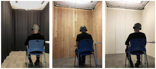 Second experiment. A researcher demonstrates the participant seating position in the climate chamber with the black curtain (left) that all participants viewed upon entering the chamber before either the wood (center) or white (right) wall conditions were revealed from behind the curtain.
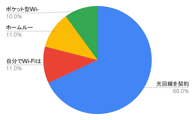 アンケートの68%が自宅で光回線を契約しているとのことでした。
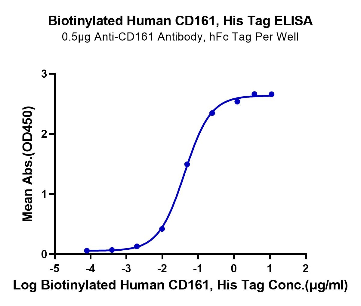 Immobilized Anti-CD161 Antibody, hFc Tag at 5ug/ml (100ul/well) on the plate. Dose response curve for Biotinylated Human CD161, His Tag with the EC50 of 41.8ng/ml determined by ELISA. See testing image for detail.

Task instructions:
Your answer must be the full listing, word for word, minus any images.

Task output:
 Second experiment. A researcher demonstrates the participant seating position in the climate chamber with the black curtain (left) that all participants viewed upon entering the chamber before either the wood (center) or white (right) wall conditions were revealed from behind the curtain.
 アンケートの68%が自宅で光回線を契約しているとのことでした。
 Immobilized Anti-CD161 Antibody, hFc Tag at 5ug/ml (100ul/well) on the plate. Dose response curve for Biotinylated Human CD161, His Tag with the EC50 of 41.8ng/ml determined by ELISA. See testing image for detail.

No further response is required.